Distributing the files
In a client/server environment, you may have several hundreds of personal computers that need to be connected to the Oracle database with Net8. You could use Microsoft Systems Management Server (SMS) to distribute the TNSNAMES.ORA and SQLNET.ORA files to each PC. If you want to make a server a client to another server, you can copy or FTP SQLNET.ORA and TNSNAMES.ORA to the database server.

TRACE_LEVEL_CLIENT = OFF
sqlnet.authentication_services = (NTS)
names.directory_path = (TNSNAMES, HOSTNAME)
names.default_domain = world
name.default_zone = world
automatic_ipc = off

The settings for TRACE_LEVEL_CLIENT are similar to the TRACE_LEVEL_LISTENER parameter in LISTENER.ORA. The values for both parameters can be either a scale from 0 through 16 or the following predefined names (which correspond to numeric values):

AUTOMATIC_IPC can be turned on or off, depending on whether IPC is wanted.

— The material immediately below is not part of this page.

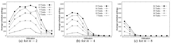 We randomly generated even task sets from nine system utilization groups, for , that is, 100 instances per group. The system utilization of a task set is defined as the sum of the utilizations of all tasks () in the task sets. We considered three different numbers of processors and 8. Each system utilization group has five sub-groups, each of which has a fixed number of tasks; for and 8, the number of tasks for five sub-groups are {}, {} and {}. Each task period was randomly selected from {20, 40, 80, 160, 320, 640, 1280, 2560}, and each WCET was selected from . A total of 100 task sets were generated for each sub-group, and thus task sets were generated in total. As our goal is to improve the uncertainty of the schedule without compromising schedulability, we only selected the task sets whose schedulability is guaranteed by DA schedulability. We used rate-monotonic (RM) scheduling as our base scheduling algorithm in which our proposed schedule randomization was applied. To obtain the converged schedule entropy of each task set, we conducted a simulation for 10,000 hyper-periods of the task set as it ensures less than 0.01% (recommended to obtain the converged schedule entropy [15]) of difference in schedule entropy between those from 9999 and 10,000 hyper-periods.
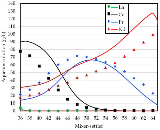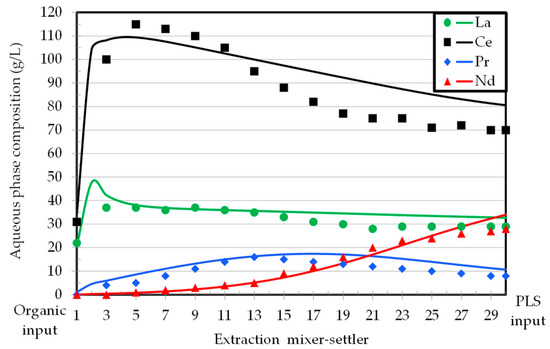 The simulation results for the scrubbing battery are shown in Figure 11. The fit between observed and simulated results is good, even though the pH of the scrubbing solution is not explicitly provided by the authors of [9] who indicated having modified the acidity of the scrubbing solution from 3.5 M, to 2.3 M, and to 1.3 M HCl during the 25 days pilot trial (the simulation assumed 1.73 M HCl). The agreement between the observed and simulated results was achieved without the need to adjust the equilibrium constants that were estimated from independent batch extraction tests; a result that still supports the hypothesis of ideal solutions on the basis of the simulation approach. The discrepancy observed for Nd and Pr is due to the reflux from the stripping for which the authors [9] did not provide the actual proportion used during piloting.

A new parameter introduced in Net8, SQLNET.EXPIRE_TIME, is used for dead-connection detection. The recommended value for this is 10 (minutes). This parameter must be entered in the server's SQLNET.ORA file. It's a good idea to consult your network administrator before enabling this parameter; a packet-albeit small-would be sent out at the interval specified in the SQLNET.EXPIRE_TIME parameter.

Net8 Features

The following sections cover a few new Net8 features that have improved the product over SQL*Net 2.x.

Multiplexing

Oracle8 Enterprise Edition provides the Connection Manager, which facilitates multiplexing. Net8 takes in multiple client connections and combines or multiplexes them over a single transport connection through Oracle Connection Manager to the destination database. Multiplexing improves response time and increases the number of client connections. It also better uses resources on the server.

Multiplexing is available only on TCP/IP networks and only if the multithreaded server (MTS) option is used. You examine MTS later in the "Connecting to Multithreaded Servers" section. The Connection Manager uses the CMAN.ORA file to configure multiplexing.

Dead Connection Detection

This new feature identifies and terminates "dead" connections caused by improper client session termination. If dead-connection detection is enabled, a probe packet is sent to the client from the server. The client process is terminated if no response is received within a user-defined interval.

Dead-connection detection makes administration of the database a little bit easier; uncommitted transactions are rolled back and the locks associated with the transaction are released. In addition, resources associated with connection of the "dead" process aren't wasted.

Parallel Server Reconnections

Network configuration files for Oracle Parallel Server (OPS) have to be configured a little differently. In the TNSNAMES.ORA file, the ADDRESS_LIST should include the details of the nodes (host name, port number) and Oracle instance names (SIDs). This enables a client-side application to go through the list and connect to the first available instance for a service name. If an instance in the ADDRESS_LIST is unavailable, the client application simply goes on to the next available instance.

Configuring Net8

The following sections review the predefined configurations of Net8 that are part of the default installation of most Oracle client-side software, such as SQL*Plus 8.0. You also see how to use two tools specifically for client-side network configuration: Net8 Assistant and Net8 Easy Config, both of which are written in the Java programming language.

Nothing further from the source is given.